In the year 1773 I was imployed by the Select men of the Town of Boston to carry the Account of the Destruction of the Tea to New-York and afterwards, 1774, to Carry their dispatches to New-York and Philadelphia for Calling a Congress and afterwards to Congress, several times.* [This asterisk points to a note in the left margin written by Jeremy Belknap: “Let the narrative begin here.”] In the Fall of 1774 & Winter of 1775 I was one of upwards of thirty, cheifly mechanics, who formed our selves in to a Committee for the purpose of watching the Movements of the British Soldiers, and gaining every intelegence of the movements of the Tories. We held our meetings at the Green-Dragon Tavern. We were so carefull that our meetings should be kept Secret that every time we met, every person swore upon the Bible, that they would not discover any of our transactions, But to Messrs. Hancock, Adams, Doctors Warren, Church, & one or two more. About November, when things began to grow Serious, a Gentleman who had Conections with the Tory party, but was a Whig at heart, aquainted me, that our meetings were discovered, & mentioned the identical words that were spoken among us the Night before. We did not then distrust Dr. Church, but supposed it must be some one among us.

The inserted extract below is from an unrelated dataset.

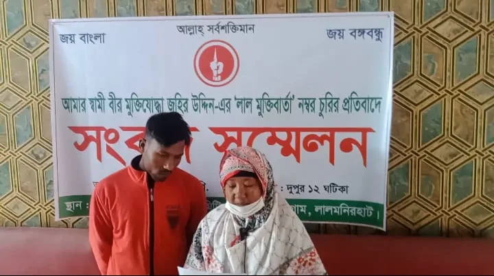 সংবাদ সম্মেলনে মুক্তিযোদ্ধার স্ত্রী ছামিনা খাতুন আরও বলেন, আমার স্বামী একজন প্রকৃত বীর মুক্তিযোদ্ধা। তিনি কালিগঞ্জ ভেরাবাড়ি এলাকায় থেকে ৬নং সেক্টরের অধীনে মুক্তিযুদ্ধে অংশগ্রহণ করেন। যুদ্ধ শেষে তিনি কর্মসংস্থানের জন্য পাটগ্রাম রসুলগঞ্জ এলাকায় দীর্ঘদিন ধরে বসবাস করেন। পরে আমার সাথে বিবাহবন্ধনে আবদ্ধ হন। যেকারণে আমরা দুজনেই ধবলসতী এলাকায় স্থায়ীভাবে বসবাস শুরু করি। তিনি রসুলগঞ্জে দীর্ঘদিন বসবাস করার কারণে লাল মুক্তিবার্তায় তার ঠিকানা রসুলগঞ্জ হয়ে যায়। সেই সুযোগকে কাজে লাগিয়ে নামের সাদৃশ্যের মিল থাকার কারণে আমার স্বামীর মুক্তিবার্তা নম্বর (০৩১৪০৩০৩৫৫) ব্যবহার করে ভিন্ন জহির উদ্দিনের সন্তানেরা নিয়মিত ভাতা উত্তোলন করছেন, যা আইনতভাবে অপরাধ ও প্রতারণার সামিল। আমি এটার স্থায়ী সমাধান চাই। আমার স্বামীর এমআইএস তালিকায় শুধুমাত্র বেসামরিক গেজেট নম্বর (১৪০৬) দিয়ে ভাতা অন্তর্ভুক্ত হয়। কিন্তু আমার স্বামীর ভারতীয় তালিকা নম্বর (৪৩৯৩৭) এবং লাল মুক্তিবার্তা নম্বর (০৩১৪০৩০৩৫৫) এর উল্লেখ না থাকায় অপর জহির উদ্দিনের সন্তানেরা আমার স্বামীর মুক্তিবার্তা নম্বর ব্যবহার করে দায়িত্বশীল ব্যক্তিদের ম্যানেজ করে সুকৌশলে ভাতা উত্তোলনসহ যাবতীয় সুযোগ সুবিধা ভোগ করছেন।

We removed to another place, which wethought was more secure: but here we found that all our transactions were communicated to Governor Gage. (This came to me through the then SecretaryFlucker He told it to the Gentleman mentioned above). It was then a common opinion, that there was a Traytor in the provincial Con gress, & that Gage was posessed of all their Secrets. (Church was a member of that Congress for Boston.) In the Winter, towards the Spring, we fre- quently took Turns, two and two, to Watch the Soldiers, By patroling the Streets all night. The Saturday Night preceding the 19th of April, about 12 oClock at Night, the Boats belonging to the Transports were all launched, & carried under the Sterns of the Men of War. (They had been previously hauld up & repaired). We likewise found that the Grenadiers and light Infantry were all taken off duty.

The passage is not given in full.